Work order
Every line holding "best" should be copied from the records below.

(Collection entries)

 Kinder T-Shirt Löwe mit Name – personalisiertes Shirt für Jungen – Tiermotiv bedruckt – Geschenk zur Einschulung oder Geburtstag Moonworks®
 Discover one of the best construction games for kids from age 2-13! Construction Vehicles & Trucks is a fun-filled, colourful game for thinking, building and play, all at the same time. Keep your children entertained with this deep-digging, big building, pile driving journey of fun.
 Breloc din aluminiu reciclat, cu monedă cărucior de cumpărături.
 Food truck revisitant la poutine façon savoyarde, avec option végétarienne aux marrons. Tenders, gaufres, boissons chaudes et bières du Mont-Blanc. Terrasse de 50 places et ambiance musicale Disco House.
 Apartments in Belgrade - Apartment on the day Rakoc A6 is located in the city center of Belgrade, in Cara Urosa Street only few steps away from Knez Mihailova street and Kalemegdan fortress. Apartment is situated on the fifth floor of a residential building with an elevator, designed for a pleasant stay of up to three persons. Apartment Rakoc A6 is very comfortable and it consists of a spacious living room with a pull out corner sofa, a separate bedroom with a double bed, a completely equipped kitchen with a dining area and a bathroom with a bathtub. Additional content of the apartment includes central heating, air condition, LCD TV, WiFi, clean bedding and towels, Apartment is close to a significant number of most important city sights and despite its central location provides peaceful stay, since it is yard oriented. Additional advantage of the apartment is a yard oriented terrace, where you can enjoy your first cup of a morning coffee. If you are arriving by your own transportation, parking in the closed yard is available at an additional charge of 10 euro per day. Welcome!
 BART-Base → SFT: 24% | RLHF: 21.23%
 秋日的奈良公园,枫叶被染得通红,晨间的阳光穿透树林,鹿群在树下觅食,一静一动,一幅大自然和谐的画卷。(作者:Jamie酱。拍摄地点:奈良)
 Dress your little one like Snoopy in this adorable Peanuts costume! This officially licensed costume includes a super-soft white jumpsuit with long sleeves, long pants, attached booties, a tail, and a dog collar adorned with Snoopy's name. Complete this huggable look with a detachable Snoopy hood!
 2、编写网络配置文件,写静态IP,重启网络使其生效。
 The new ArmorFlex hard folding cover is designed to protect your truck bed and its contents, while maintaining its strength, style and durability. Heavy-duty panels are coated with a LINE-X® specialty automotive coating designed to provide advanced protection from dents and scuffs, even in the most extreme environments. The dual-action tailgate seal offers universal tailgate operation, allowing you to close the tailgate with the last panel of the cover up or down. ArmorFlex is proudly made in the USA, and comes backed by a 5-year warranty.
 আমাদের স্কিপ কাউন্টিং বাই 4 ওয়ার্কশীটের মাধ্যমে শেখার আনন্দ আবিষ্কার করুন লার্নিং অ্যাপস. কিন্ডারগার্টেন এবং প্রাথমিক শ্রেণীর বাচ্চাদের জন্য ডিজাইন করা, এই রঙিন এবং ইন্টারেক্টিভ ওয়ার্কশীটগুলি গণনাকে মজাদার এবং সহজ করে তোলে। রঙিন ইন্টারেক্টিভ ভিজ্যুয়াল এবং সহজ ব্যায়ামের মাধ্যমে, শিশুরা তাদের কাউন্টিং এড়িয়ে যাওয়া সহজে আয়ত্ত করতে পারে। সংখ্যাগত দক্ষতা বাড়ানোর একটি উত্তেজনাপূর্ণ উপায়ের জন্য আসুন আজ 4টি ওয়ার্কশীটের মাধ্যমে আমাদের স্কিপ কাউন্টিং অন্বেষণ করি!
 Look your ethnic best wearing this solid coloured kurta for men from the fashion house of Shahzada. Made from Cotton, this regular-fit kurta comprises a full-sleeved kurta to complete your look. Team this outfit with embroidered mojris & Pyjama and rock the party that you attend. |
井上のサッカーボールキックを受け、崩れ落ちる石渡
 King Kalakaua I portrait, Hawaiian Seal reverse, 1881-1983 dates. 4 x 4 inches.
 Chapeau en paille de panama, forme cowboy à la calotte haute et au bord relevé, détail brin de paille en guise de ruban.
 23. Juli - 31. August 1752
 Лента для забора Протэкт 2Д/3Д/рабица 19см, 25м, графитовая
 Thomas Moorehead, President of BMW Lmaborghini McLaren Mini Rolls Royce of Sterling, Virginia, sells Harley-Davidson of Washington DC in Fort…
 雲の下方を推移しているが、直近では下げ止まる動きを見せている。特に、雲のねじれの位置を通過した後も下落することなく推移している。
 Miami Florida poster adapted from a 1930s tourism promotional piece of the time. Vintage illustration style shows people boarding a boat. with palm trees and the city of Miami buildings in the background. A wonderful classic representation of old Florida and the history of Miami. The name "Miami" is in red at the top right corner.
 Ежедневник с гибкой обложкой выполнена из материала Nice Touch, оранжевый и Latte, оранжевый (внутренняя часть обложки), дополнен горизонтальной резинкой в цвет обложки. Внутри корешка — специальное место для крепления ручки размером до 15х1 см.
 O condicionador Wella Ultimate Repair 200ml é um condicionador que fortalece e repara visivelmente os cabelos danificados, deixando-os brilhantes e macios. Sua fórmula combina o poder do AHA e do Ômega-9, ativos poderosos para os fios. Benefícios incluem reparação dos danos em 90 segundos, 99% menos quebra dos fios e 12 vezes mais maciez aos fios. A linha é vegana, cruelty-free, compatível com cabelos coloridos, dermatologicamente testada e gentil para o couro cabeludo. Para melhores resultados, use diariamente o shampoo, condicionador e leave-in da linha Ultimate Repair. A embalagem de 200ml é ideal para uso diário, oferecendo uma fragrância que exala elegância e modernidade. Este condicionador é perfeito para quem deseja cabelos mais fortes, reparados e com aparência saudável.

Task response
 Discover one of the best construction games for kids from age 2-13! Construction Vehicles & Trucks is a fun-filled, colourful game for thinking, building and play, all at the same time. Keep your children entertained with this deep-digging, big building, pile driving journey of fun.
 Look your ethnic best wearing this solid coloured kurta for men from the fashion house of Shahzada. Made from Cotton, this regular-fit kurta comprises a full-sleeved kurta to complete your look. Team this outfit with embroidered mojris & Pyjama and rock the party that you attend. |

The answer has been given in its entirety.